On the 30th of December, 1955, the Collector of Taxes for the Borough sold the real estate for unpaid taxes subject to the right to redeem. On the 23rd of January, 1956, foreclosure proceedings were begun by the United States. A custodial receiver was appointed on the 7th of February, 1956, and discharged March 15, 1957. A judgment of foreclosure was rendered July 2, 1956, and the premises sold by the United States Marshal.

4

It is clear that this case is ruled by United States v. New Britain, 1954, 347 U.S. 81, 74 S. Ct. 367, 98 L. Ed. 520. That was a case in which the Connecticut statute purported to make real estate tax liens take precedence over all transfers and encumbrances. The decision of the Supreme Court of the United States was that first in time was first in right and that the subsequently acquired liens for taxes by the State of Connecticut could not take precedence over the lien of the United States for its unpaid taxes theretofore vested.

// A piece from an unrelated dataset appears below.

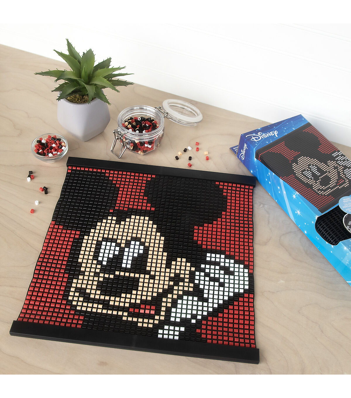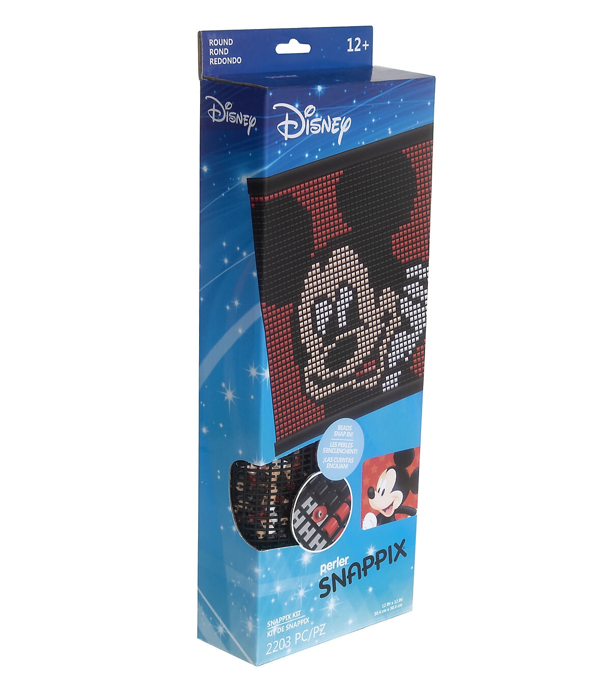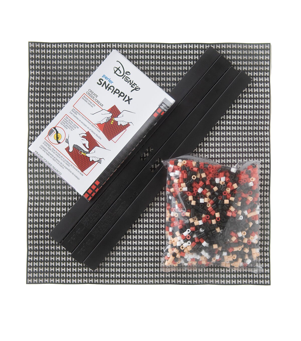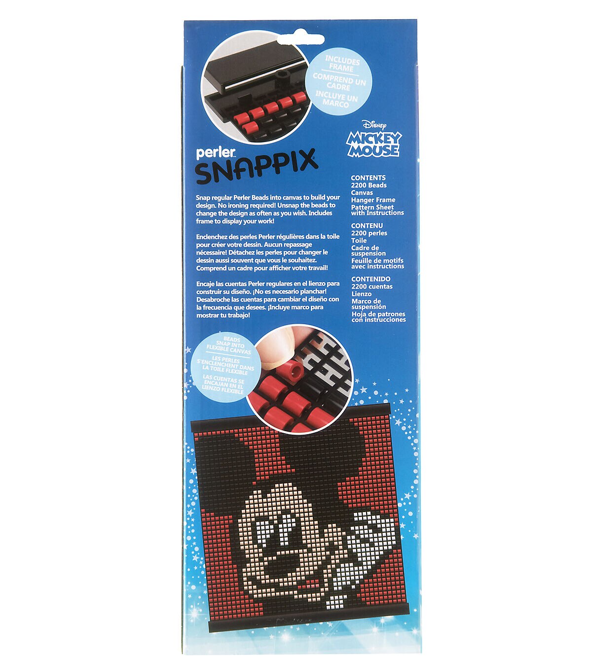 Perler has devised a cool new way to use beads to make awesome designs! Simply snap classic Perler beads onto the flexible canvas to create the most well-known Disney character, Mickey Mouse. No ironing required—beads stay securely in place! Includes a hanger frame for displaying your work. Finished size: 12" x 12". For ages 12 and up. Kit contains 2200 round beads, mesh canvas, hanger frame, and pattern sheet with instructions. © Disney www.disney.com.

The only difference between that case and this is that here the lien of the United States comes through the execution of the mortgage rather than resulting from the operation of law for the failure to pay taxes. We think that the doctrine enunciated in New Britain is broad enough to include this situation also. See New Brunswick v. United States, 1928, 276 U.S. 547, 48 S. Ct. 371, 72 L. Ed. 693; cf., United States v. Latrobe Construction Co., 8 Cir., 1957, 246 F.2d 367; United States v. Evans, 10 Cir., 1957, 245 F.2d 681.

5

The Borough suggests that the priority in time rule, which is an old rule of equity, should not be applicable here because of the several efforts by the Government in extending time and easing conditions of payment while the local taxes remained unpaid. However, the relationship among the parties here is not that to be found in suretyship where an extension of time by the creditor to the debtor absent the consent of the uncompensated surety discharges the latter even without proof that he was injured thereby. Restatement, Security § 129 (1941). The Borough was not hurt by the Government's dealing with the debtor. In fact, the citizens of the Borough were presumably helped by anything designed to keep this concern going as an employer in the little community. The Borough does urge that it is dependent upon real estate taxes for the maintenance of its municipal functions and that the tax lien is the only way it can enforce this source of income. No doubt all that is true but we fail to see how these facts affect our legal question. They fall short of a showing that the Government's actions adversely affected the collectibility of the assessment in question. Therefore, the argument that there is an equity preventing application of the rule as stated in New Britain is not well founded in this situation.

6

A further contention is set forth that the Borough, by enforcing its lien first, obtained a superior legal right to the property subject only to an "equity of redemption." The short answer is that, whatever may be the rule as to private mortgagees, a sale under state law cannot divest a prior mortgage lien held by the United States. New Brunswick v. United States, supra.

7

The Borough has suggested that it is entitled to relief under the provisions of a federal statute making allowance for payment in lieu of taxes. 69 Stat. 722 (1955), 40 U.S.C.A. §§ 521-24 (Supp. 1957). Upon that question we neither have nor express any opinion. It is not before us in this case.

8

The judgment of the district court will be affirmed.